# Breaking the Wishbone



## HiDesertHal (Nov 24, 2017)

Does anyone remember the ritual of pulling on the Chicken Wishbone, with the wish being granted to the person winning the larger piece?

I suppose the Baby Boomers don't remember that...

Hal


----------



## Marie5656 (Nov 24, 2017)

*Hey, I resemble that remark.  LOL.  THIS boomer has the wishbone sitting on the kitchen windowsill as we speak, waiting to be broken.*


----------



## Lara (Nov 24, 2017)

I do...and I'm a baby-boomer.  
When the novelty faded, it was like learning there was no Santa, no wishes :what1:


----------



## RadishRose (Nov 24, 2017)

Sure I do, and so does my son and grandsons.


----------



## CindyLouWho (Nov 24, 2017)

I remember! Loved that part....can't remember if my wishes came true when I broke off the larger piece.....ummm.....nope, guess not.


----------



## jujube (Nov 24, 2017)

Oh, yes.  Always a big fight among the kids over who got to pull it.


----------



## Falcon (Nov 24, 2017)

I quit trying.   It doesn't seem to have any effect on the LOTTERY.


----------



## SeaBreeze (Nov 24, 2017)

Boomer here that remembers, don't think any wishes came true.


----------



## Aunt Bea (Nov 24, 2017)




----------



## HiDesertHal (Nov 24, 2017)

Well, Ladies and Falcon...I'm heartened to hear that you DO remember!

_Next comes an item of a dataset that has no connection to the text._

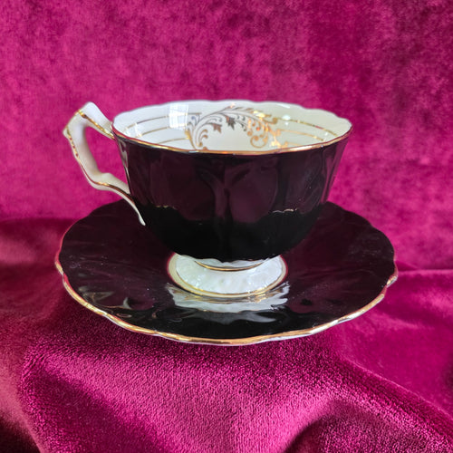 Aynsley Black and Gold Teacup and Saucer Bone China #001

Old Hal  (This is the Locomotive that will be pulling the freight train around my new layout when it's finished. It's a Great Northern 2-8-2 Mikado.)


----------



## Lara (Nov 25, 2017)

That Locomotive is a beauty! Looking forward to the final project results, Hal.


----------



## terry123 (Nov 25, 2017)

jujube said:


> Oh, yes.  Always a big fight among the kids over who got to pull it.


We always fought over it too!!


----------



## Pappy (Nov 25, 2017)

We let the wishbone set for awhile and dry out. Easier to break.


----------



## HiDesertHal (Nov 25, 2017)

Lara said:


> That Locomotive is a beauty! Looking forward to the final project results, Hal.



Thanks, Lara!  I'll also be getting a Diesel loco so I can cover both eras of Railroading over the past century.

Hal


----------



## Aunt Marg (Jul 21, 2020)

Oh, yes... I totally remember!

What fun we had making wishes, then closing our eyes and pulling.


----------



## Fyrefox (Jul 24, 2020)

I was grossed out by the practice, which didn't stop my mother from demanding that I participate in it...


----------



## Ferocious (Jul 24, 2020)

*I remember doing this, I still would if I bought full chickens.
This girl always revives the memory. *


----------



## Aunt Bea (Jul 24, 2020)




----------



## Aunt Bea (Jul 24, 2020)

_“A person will sometimes devote all his life to the development of one part of his body— the wishbone.” _- Robert Frost

_"To succeed in life, you need three things: a wishbone, a backbone, and a funny bone." _- Reba McEntire


----------



## Butterfly (Jul 24, 2020)

I remember the wishbone thing, too.


----------



## hollydolly (Jul 24, 2020)

We still do it to this day... although in this house a whole chicken is a rarity as my o/h is vegan... but whenever we're at a friend or family dinner, I still get to pull the wishbone


----------



## Pinky (Jul 24, 2020)

My Aussie mother-in-law used to paint the wishbone gold and tie it onto a gift.
In high school, one girlfriend would use black shoe polish on the wishbone and give it to friends.


----------



## Treacle (Jul 24, 2020)

Always pull the wishbone using my little finger. No lottery win yet. Keep trying Falcon.


----------



## Aunt Bea (Jul 24, 2020)

hollydolly said:


> We still do it to this day... although in this house a whole chicken is a rarity as my o/h is vegan... but whenever we're at a friend or family dinner, I still get to pull the wishbone


Try these wooden or chocolate versions for the vegans in the family.

http://www.luckybreakwishbone.com/ourproducts_carded.php





https://thecakegirls.com/lucky-wishbone-chocolate-candy-mold.html


----------